Standard abbreviations
- ISO 4: Music Surv.

= Music Survey =

Music Survey was a short-lived academic journal covering classical and contemporary music, which flourished in the United Kingdom for a brief period after World War II. Though it was published for only five years and in that time had only a small circulation, it had a remarkable impact on British musical and musicological life in the 1950s, and was instrumental in providing a home for the time's pro-Benjamin Britten and pro-Arnold Schoenberg writing, as well as launching the critical and editorial careers of Donald Mitchell and Hans Keller.

The journal was established in 1947, while Mitchell was a teacher at Oakfield School, Dulwich, South London, by the headmaster W.W. (David) Livingston.
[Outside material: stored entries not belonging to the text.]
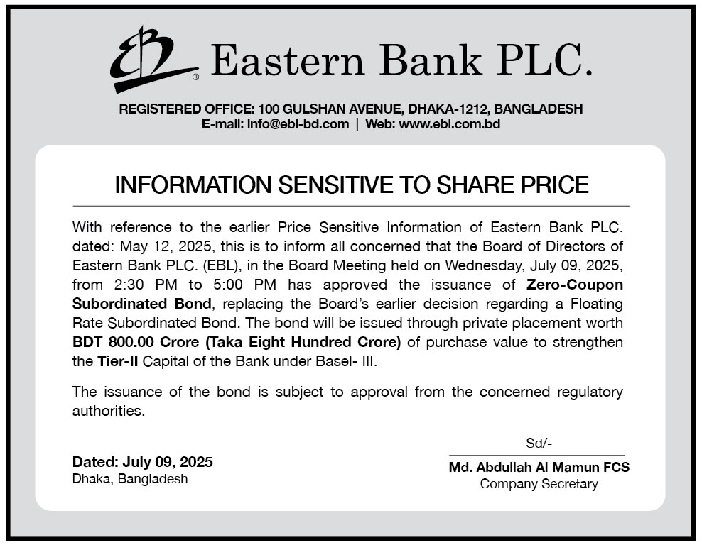 Homeপ্রাইস সেনসিটিভ ইনফরমেশনPrice Sensitive Information of Eastern Bank PLC.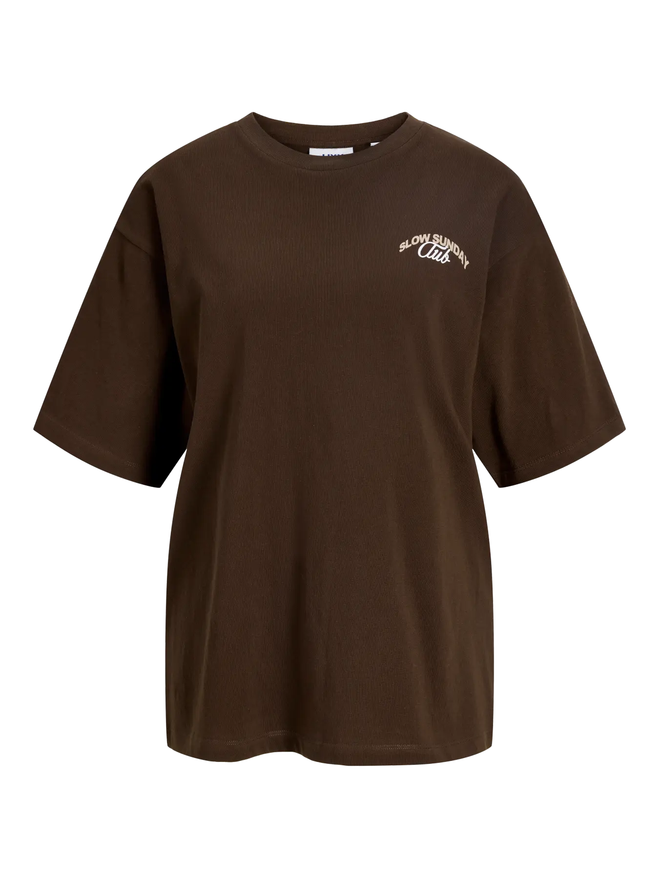 JJXX Millow Loose SS Tee Brun giver et afslappet og moderne look med sin løse pasform og bløde kvalitet. Den rene front kombineret med et iøjnefaldende print på ryggen skaber et cool udtryk, mens den varme brune farve gør den nem at style til både hverdag og casual outfits.
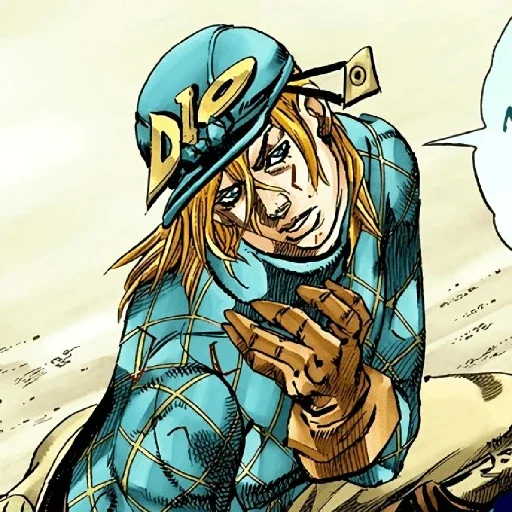 Personagem de anime com cabelo loiro e roupa azul, usando um boné com 'D.IO' em amarelo, fazendo um gesto com a mão.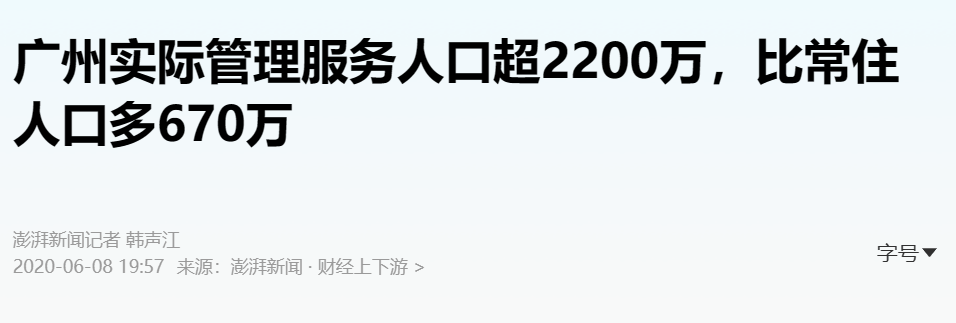 早在几年前,广州、深圳两地管理部门,就曾公开表示实际管理服务人口双双超过2200万人,而广州有关规划更是按照2500万人口规模,进行基础设施和公共服务配置。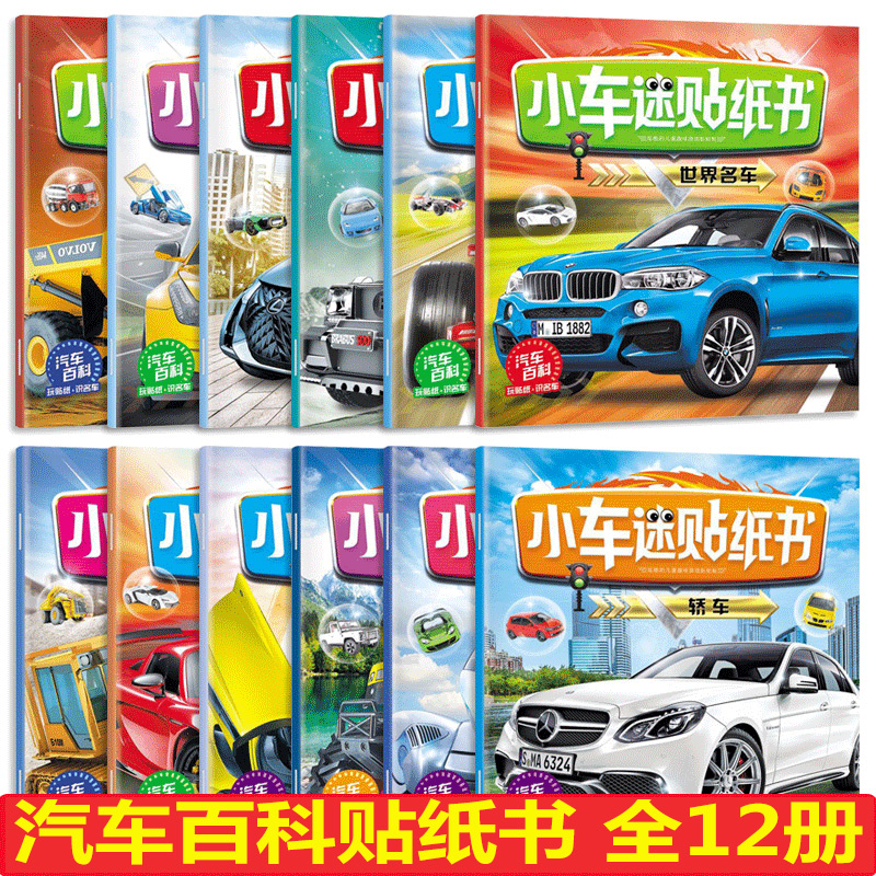 6册小车迷贴纸书情景认知绘本汽车贴贴画幼儿童图画儿童汽车书籍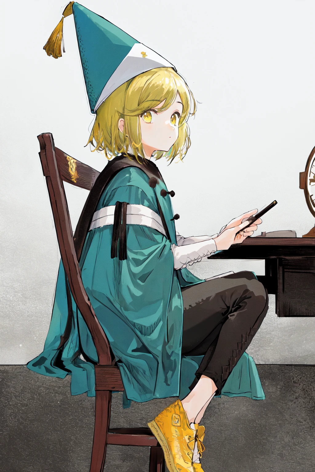 Default outfit: default robe long sleeves white dress black pants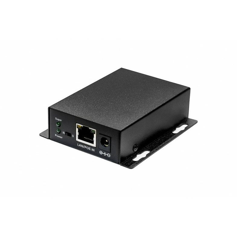 PoE удлинитель 10M/100M Fast Ethernet на 400м (до 30W).Увеличение расстояния передачи данных + питание на 100м (В режиме "S" - до 400м). Совместим с оборудованием PoE IEEE 802.3af/at. Порты: вх.- 1 x RJ45 (10/100 Base-T), роз. 2.1x5мм DC; вых.- 1 x RJ45 (10/100 Base-T). Выходной порт имеет возможность выбора метода подачи PoE (A, B, A+B).2 способа получения питания: от источника PoE/ от блока питания через DC разъем). Питание: DC12-56V(30W). Размеры (ШxВxГ): 88x25x60мм. Рабочая температура: -10...+55 гр. С.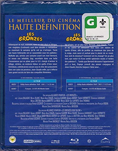 Details: AUDIO TRACK IN FRENCH (Only French Version - No English Options) Les Bronzés is a French film by Patrice Leconte released on November 22, 1978. It features the Splendid troupe based on his play: Amour, Coquillages et Shellfish. This film parodies Club Méditerranée type holiday clubs. It was a decent success on its theatrical release (2.2 million admissions). Over time, it has become a classic of popular French cinema. Gigi, Jérôme, Christiane, Jean-Claude and Bernard arrive at the same time at the Med club in Assinie in Côte d'Ivoire. Bernard comes to meet his wife Nathalie, who has been living in the village for a week already. Popeye, head of sports, Bobo and Bourseault, animators, welcome them. Immediately, affinities are established in the small group where everyone has come in the hope of making new conquests. AUDIO TRACK IN FRENCH (Only French Version - No English Options) Les Bronzés font du ski is a film starring the Splendid troupe, directed by Patrice Leconte and released in 1979. It follows the film Les Bronzés (1978). The friends from the first part meet up in the winter sports resort of Val-d'Isère where Jérôme, Gigi and Popeye work. Jérôme and Gigi are now married: Gigi runs a creperie while Jérôme practices in his medical practice. Nathalie and Bernard, reconciled and fairly “new rich”, own a timeshare apartment. Jean-Claude, always looking for a soul mate and still just as bad at seduction, tries desperately to hit on everything that moves. Christiane arrives with a married man who is much older than her, Marius.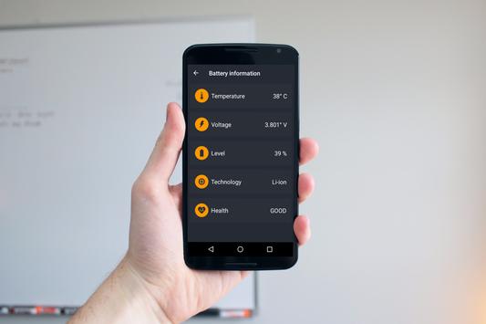✓ Detailed battery information within the main application screen. You will be able to see the percentage of battery power as well as the temperature in ° C, battery voltage and finally the level.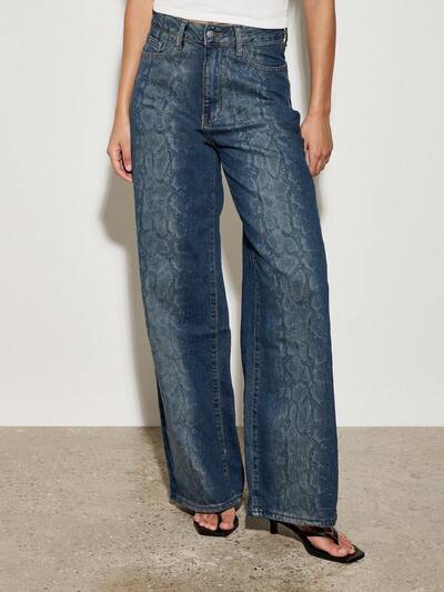 AiiRZ Designer Snake Print Wide Leg Jeans High Waisted Denim Pants Statement Premium Bottoms Y2K Fashion Trending Autumn Winter Party Club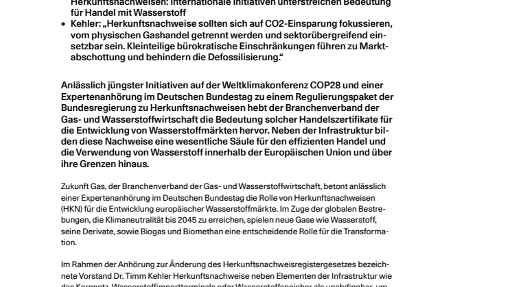Anlässlich jüngster Initiativen auf der Weltklimakonferenz COP28 und einer Expertenanhörung im Deutschen Bundestag zu einem Regulierungspaket der Bundesregierung zu Herkunftsnachweisen hebt der Branchenverband der Gas- und Wasserstoffwirtschaft die Bedeutung solcher Handelszertifikate für die Entwicklung von Wasserstoffmärkten hervor. Neben der Infrastruktur bilden diese Nachweise eine wesentliche Säule für den effizienten Handel und die Verwendung von Wasserstoff innerhalb der Europäischen Union und über ihre Grenzen hinaus.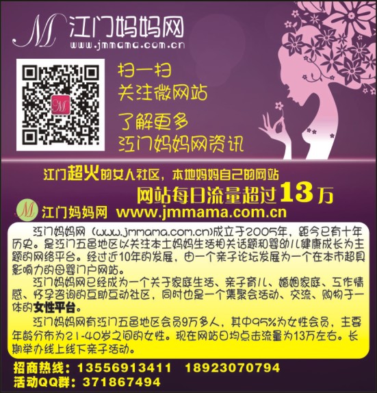 江门妈妈网有江门五邑地区会员9万多人,其中95%为女性会员,主要年龄分布为21-40岁之间的女性。现在网站日均点击流量为13万左右。长期举办线上线下亲子活动。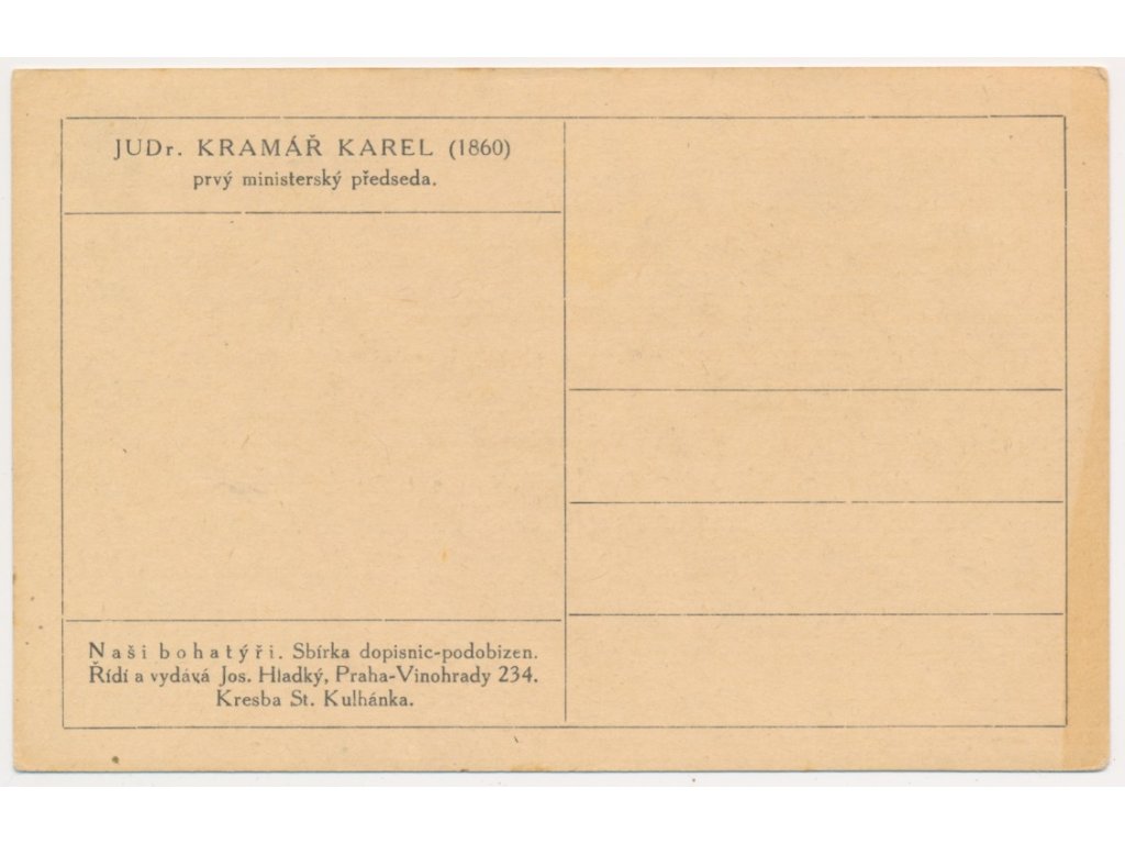Kramář Karel (1860-1937), politik, Portrétová pohlednice, cca 1924

Keller joined him as co-editor in 1949, when the journal was re-launched in the form of the so-called 'New Series'. Several articles were written by prominent composers such as Luigi Dallapiccola, Mátyás Seiber, and Robert Simpson.

Music Survey ceased publication in 1952; in 1981 a single-volume reprint of the 'New Series' was produced.

==Bibliography==
- Music Survey: New Series, 1949-52. Collected reprint (1 volume; Faber and Faber, London) 1981.